TÜBİTAK Projeleri arasında değerlendirmeye alınan çalışma kapsamında, ilköğretim döneminde çocukların okuma alışkanlığını geliştirebilmeleri için doğru kitaplarla karşılaştırılmalarının doğru olduğuna dikkat çekildi. Doğru kitaplarla karşılaşamayan çocuğun okumaktan hoşlanmayacağı ya da okuduklarından bir verim elde edemeyeceği belirtildi.

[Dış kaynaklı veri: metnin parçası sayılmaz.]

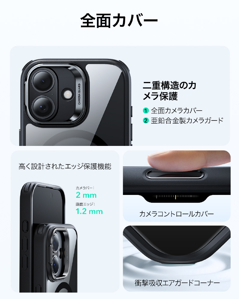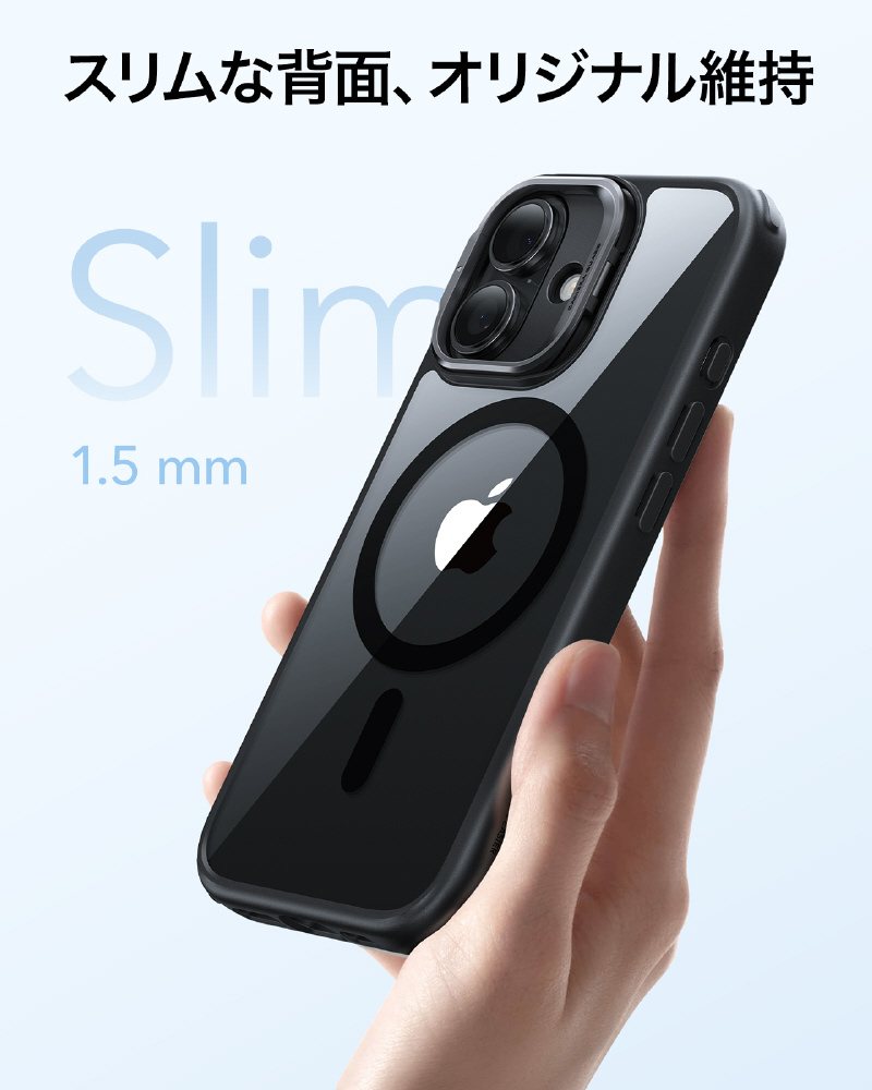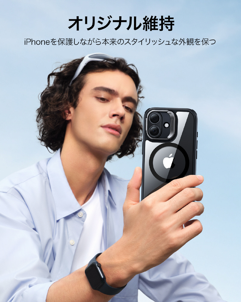カメラレンズはスマホの命です!このiPhone17ケースはレンズ全体を覆うフルカバーと、丈夫な亜鉛合金製スタンドの二段構えで傷から徹底保護します。さらに周辺部よりわずかに高く設計されているため、置くときや落とした時の擦り傷やキズからもレンズを守ります。機能性と美しい一体感を実現したデザインです
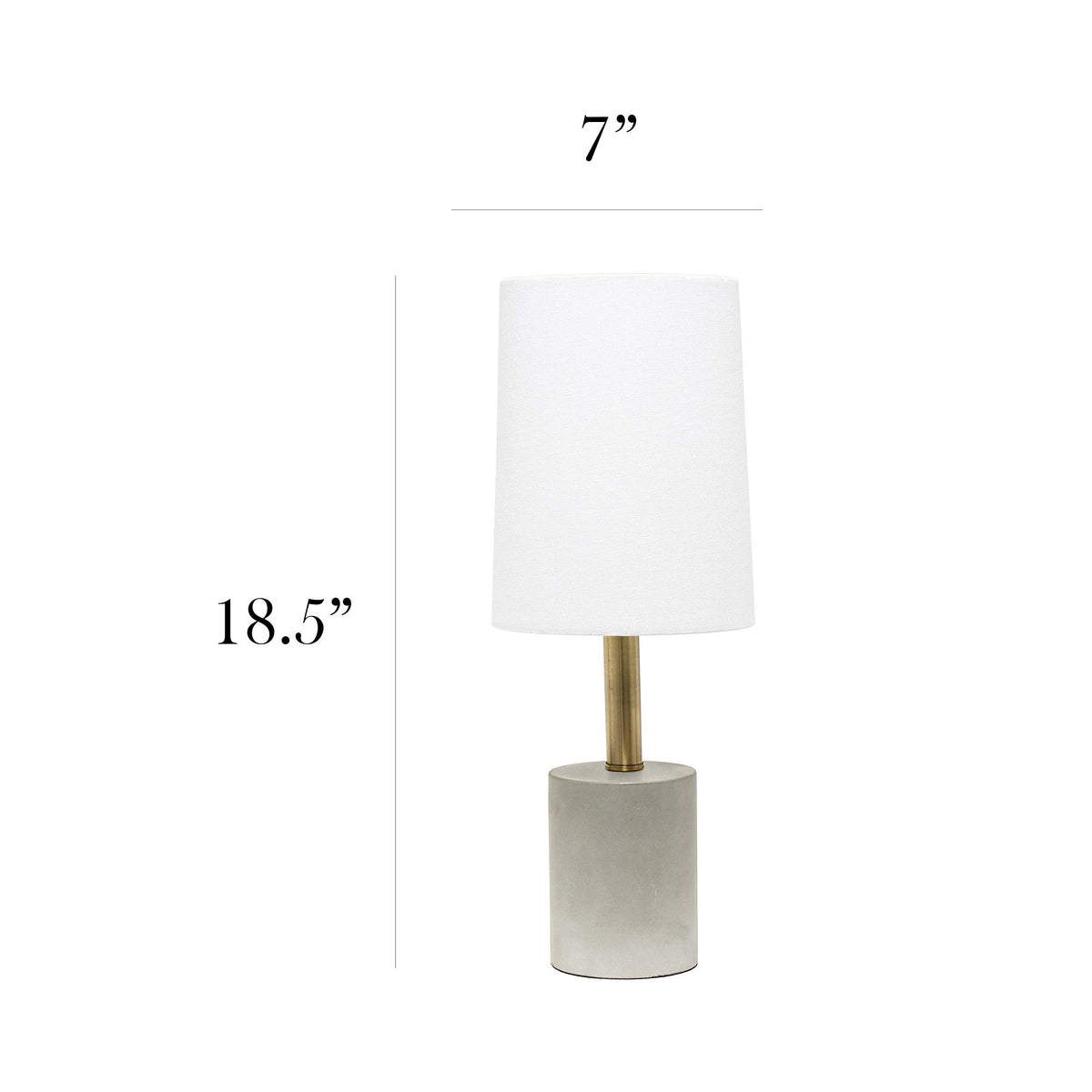 Q: What are the dimensions of the Elegant Designs Cement Table Lamp?A: The lamp measures 7 inches in diameter and 18 inches in height, making it a compact choice for various spaces.

Okuma alışkanlığındaki amacın düşünen, anlayan, analiz eden, eleştiren bireyler yetiştirmenin ön plana çıkması gerekmesi anlayışı kapsamında, projenin hipotezi ile ergenlik çağındaki gençlerin kitap tercihlerini doğru yapmadıklarına dikkat çekildi.

Türkiye'de kişi başına yılda beş kitap düştüğünü belirten danışman öğretmen Sevgi Bakır, pek çok öğrencinin sadece ders kitaplarını tanıdıklarını, kitabın bir zevk meselesi olduğu için okurken zevk alınması gerektiğini belirtti.

Okuma üzerine öğrenciler arasında yaptıkları anket çalışmasında son yıllarda vampir kitaplarının bir moda halinde ergenlerin arasında giderek yayıldığını vurgulayan öğretmen Sevgi Bakır, şöyle konuştu: "Şiddet içerikli bu kitapların neden bu kadar ilgi ile karşılandığını merak ettik ve konuyu da çalışmamızda araştırdık. Vampir kitaplarının sinema ve televizyonda yayınlanması ilgi görmesinin bir nedeni olarak karşımıza çıktı. Bu karakterler ölümsüz ve fantastik dünyanın büyüsünde karşımıza çıkıyor.

Etkileyici ve karizmatik. Kan emiyor. Kavga ediyor, savaşıyor. Sınırları yok. Kitaplardaki bütün bu şiddet unsurları normalleştirilmiş. Kitapları okuyanlar vampir karakterlerini asla yadırgamıyor. Kültürümüze uymayan bu eserlerin bu kadar yaygınlaşması 'taklit ederek öğrenen' gençlerimiz için bir tehlike oluşturabilir. Toplumda şiddet unsurlarının yadırganmadığını hatta üstünlük sağladığını gören ergenlerimiz bu durumdan olumsuz etkilenebilirler."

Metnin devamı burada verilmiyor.